I’d Hate to Say “I Told You So”

April will mark the two year anniversary of the Kansas City Fire Department taking over primary ambulance response in Kansas City, Missouri and the disbanding of the Metropolitan Ambulance Trust, or MAST for short.  Needless to say, the reviews of Chief Smokey Dyer’s promises to the city have been less than spectacular.

The Kansas City Fire Department performance has been riddled with broken promises of service improvements.  The guarantee of faster response times for the city’s residents have not been met which led Chief Dyer to back pedal a few months ago, stating that meeting those response times with his current staffing would be difficult at best.  Basing their response times on nationally set standards by health organizations and the National Fire Protection Agency, Chief Dyer guaranteed an ambulance to each scene 90% of the time in fewer than 9 minutes, a standard that during its years of existence MAST had trouble reaching at times, ultimately leading to its restructuring at one point.

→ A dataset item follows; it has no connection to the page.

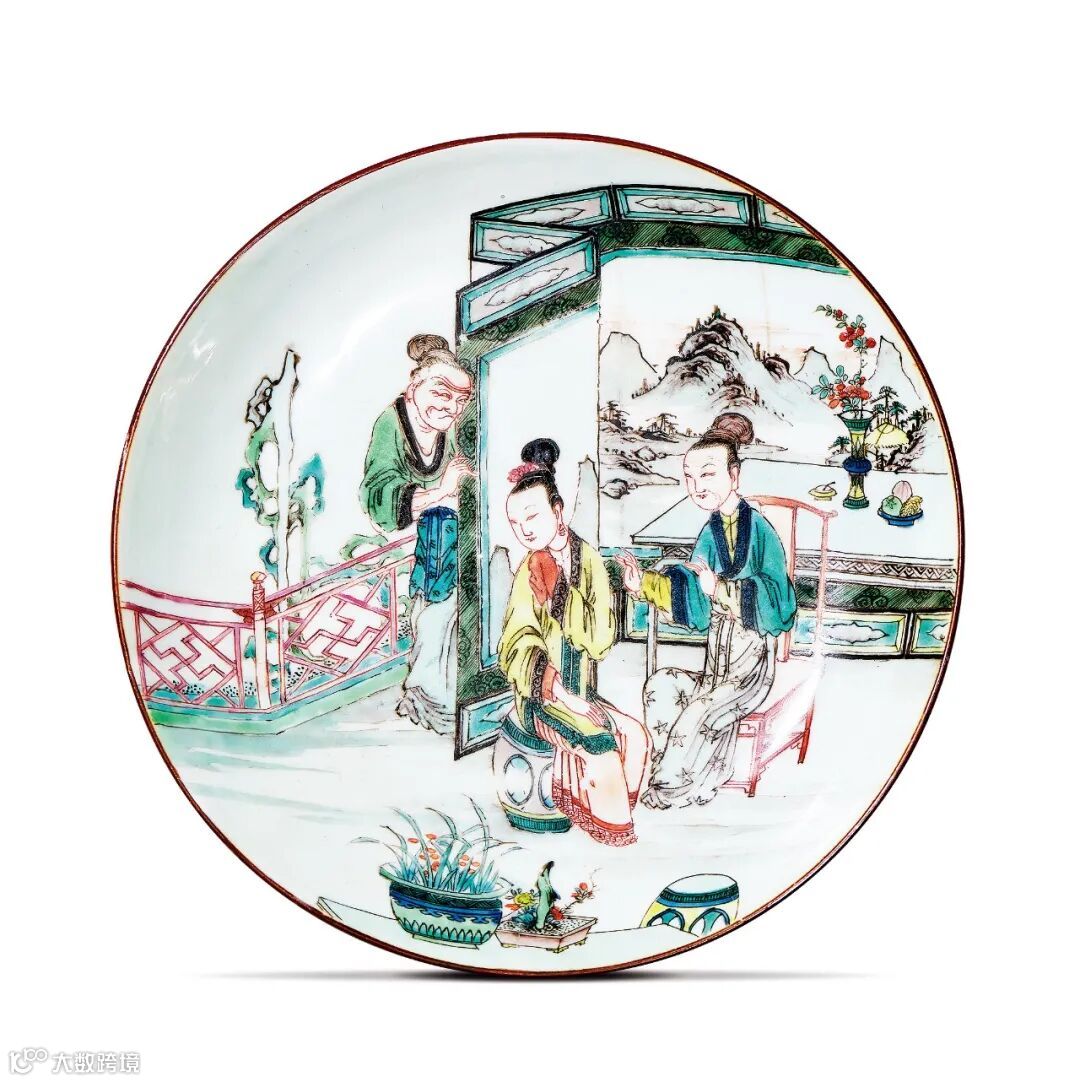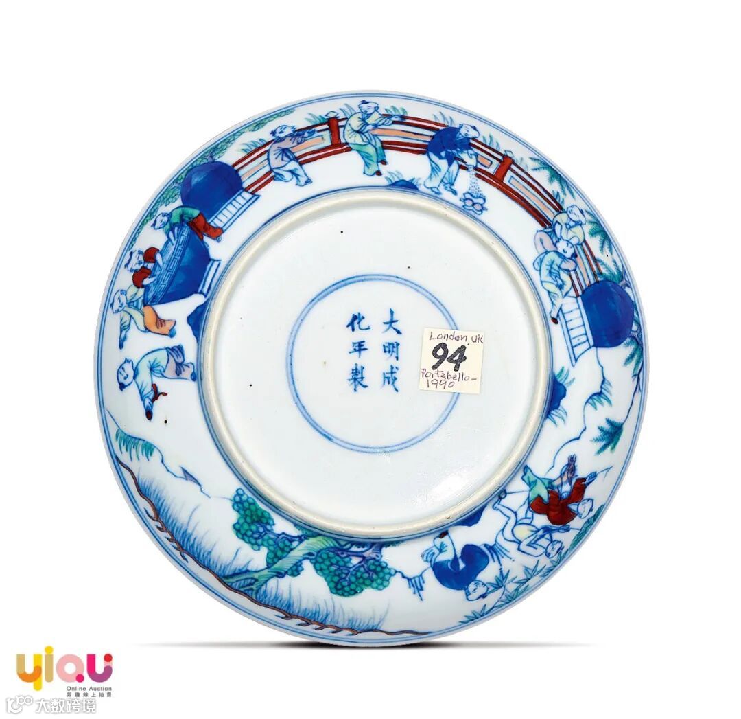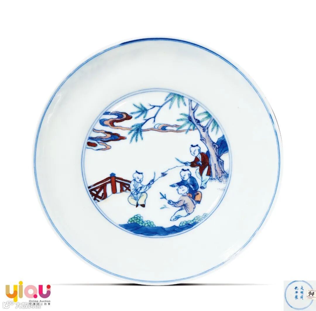拍品敞口,浅弧腹,圈足。器施白釉,盘口内沿和盘心各绘青双圈线,盘心绘斗彩四婴游戏图,盘外壁绘十二婴游戏图,内外相加整是十六子。整体纹饰描摹一丝不苟,施彩严谨,其中每个童子姿态不同,彼此相互呼应,个个都面目姣好,表情天真可爱,气氛祥和。

While KCFD’s performance has not been as bad as some other municipalities with their 87% response time compliance, the fact remains that a promise for “better service” was made because KCFD stated that they could get there faster than MAST could.  That along with a restructuring that could save the city money, and also save fire department jobs were good enough for the city council to believe the scenario that Chief Dyer had laid out for them.  Now, the Chief is facing the need to cut over $7 million from his budget, which might result in the loss of over a hundred jobs.

In May of 2011, I was on the panel for EMS Garage Episode 133, “Dyer Need” where Brad Buck, RJ Stine and I joined Chris Montera to take a look at MAST a year later.  I encourage you to listen to it and get a feeling for where the service was ten months ago, and where we saw it headed.

The saddest part of MAST’s demise is it happened because of a false promise: KCFD stated that better response times would mean better service.  When will we realize that in actuality, better patient care means better service?  Far too often, we benchmark a service’s performance based on how quickly they can get to an “emergency” but we constantly forget what is really important: patient outcomes.  Unfortunately though, the importance of the care provided by paramedics and EMTs is often over looked.

Constantly dealing with response times as the lone measure for quality in EMS service and addressing it as the only point of improvement for a system is like sticking your finger in a leaky dam.  Sure, the problem might seem to be solved for a moment, but if the bigger picture continues to be ignored, the leaks will become far too many to handle, and the flooding will be overwhelming.

The fact is we need to deal with the prehospital aspect of health care as much as we do the public safety aspect.  Determination of what is and is not an “emergency” needs to be taken out of the hands of the patient and paramedics need to be trained on how to make that triage decision.  Someone calling the police department might think their neighbor’s barking dog is an emergency because they have to be up early the next morning, but that public nuisance call does not require an immediate lights and sirens response much like the person with cold and flu symptoms should not warrant an ambulance immediately.

Many patients will often wait hours to see a doctor in an emergency room, so where is the harm in them waiting a little bit longer for an ambulance?  Or better yet: why do they have to go to the emergency room and not some alternate destination like an urgent care, or even their own primary care provider?

As long as we allow our legislators and the general public to believe that speedy care means good care, we will continue to struggle for our own identity, and high performance EMS systems such as MAST will continue to fall prey to their competition and their unrealistic, unfounded promises.  Let’s start looking at the quality of care provided by an organization’s medical practitioners.  That is what is really important here.

KCFD broke an already effective EMS system.  While it is highly unlikely that MAST could be resurrected, the rest of us need to learn from Kansas City’s mistakes and we need to make sure that they are not repeated.